一、FasterRcnn的RoiPooling
RoI Pooling层则负责收集proposal,并计算出proposal feature maps,送入后续网络。
①.Rol Pooling的输入
1、原始的feature maps
2、RPN输出的proposal boxes(大小各不相同)
②. Rol Pooling的作用
传统的CNN,当网络训练好后输入和输出的图像尺寸必须是固定值。
解决方法两种
1、从图像中crop一部分传入网络
2、将图像warp成需要的大小后传入网络
二、RoIAlign简单介绍
Rol Pooling在目标检测问题可以很好应用,但是运用于分割问题会存在Misalignment(非线性) 的问题,即两次量化会是的特征图对应位置不准确,虽然特征图上可能差的不多,但是映射到原始图就会差很多。因此,引入RoIAlign。
大致思路:
1、采用双线性插值的方法解决获得浮点数坐标点上的特征值。
2、对于每个小区域,平均分成4份,再取其4个中心点位置进行Pooling操作。
三、源码解读
def fpn_classifier_graph(rois, feature_maps,
image_shape, pool_size, num_classes):
# ROI Pooling
# 进行ROIAlign,这里选取多层特征图。

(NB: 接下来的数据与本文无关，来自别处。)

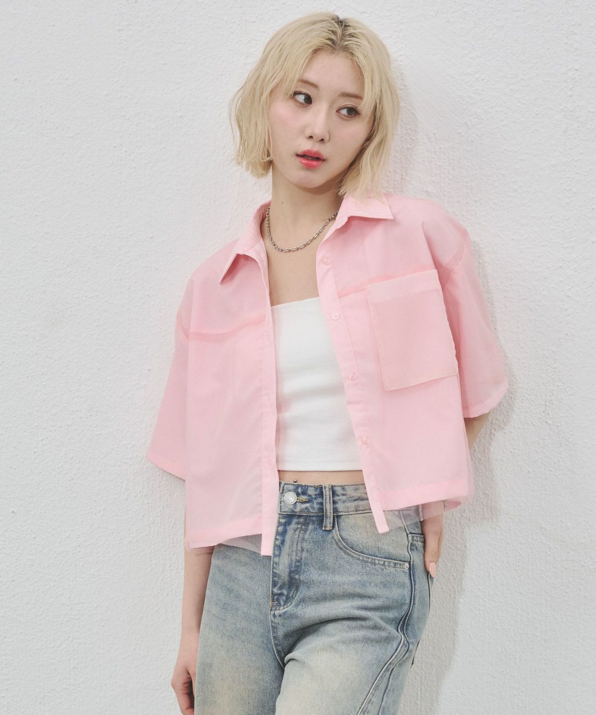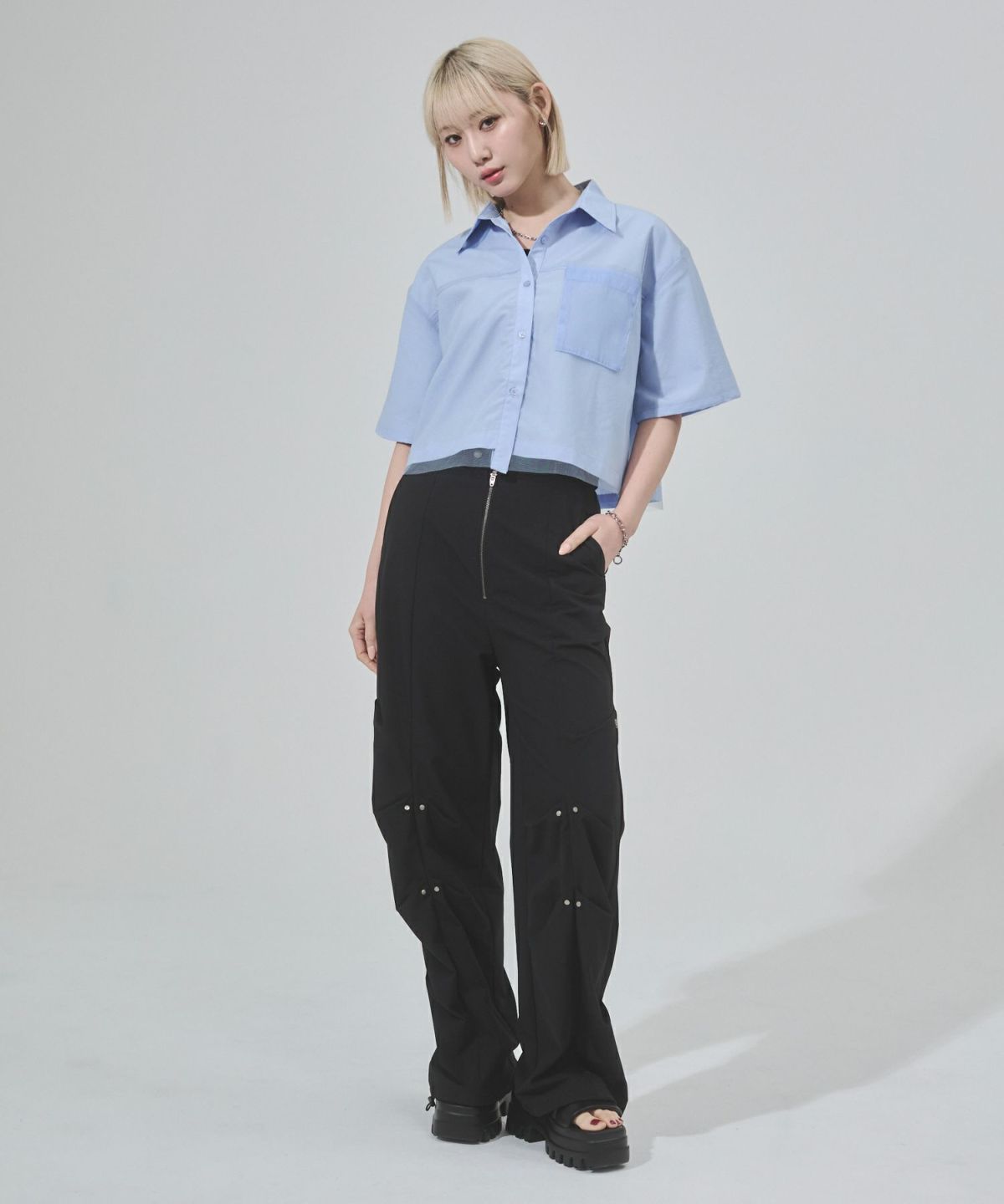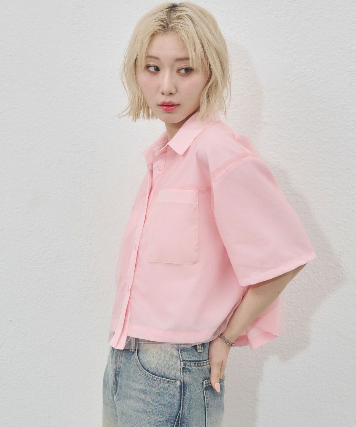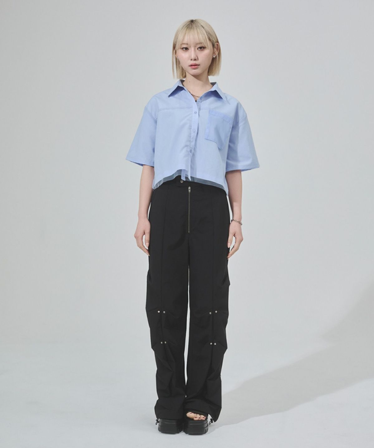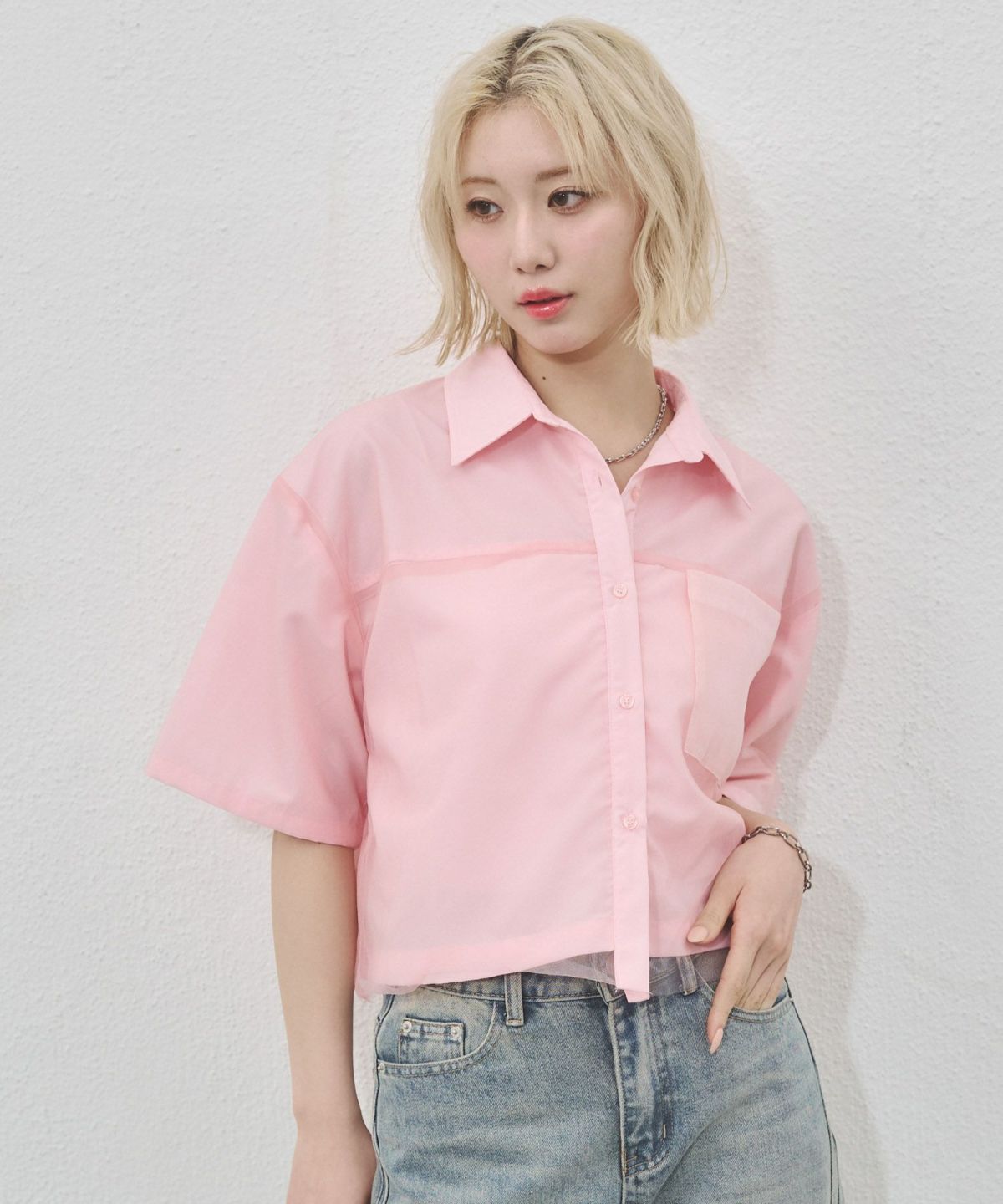 【70%OFF】 ブロード チュール被せ半袖シャツ

所有的都成为固定的大小
x = PyramidROIAlign([pool_size, pool_size], image_shape,
name="roi_align_classifier")([rois] + feature_maps)
# 进行两层全连接
x = KL.TimeDistributed(KL.Conv2D(1024, (pool_size, pool_size), padding="valid"),
name="mrcnn_class_conv1")(x)
x = KL.TimeDistributed(BatchNorm(axis=3), name='mrcnn_class_bn1')(x)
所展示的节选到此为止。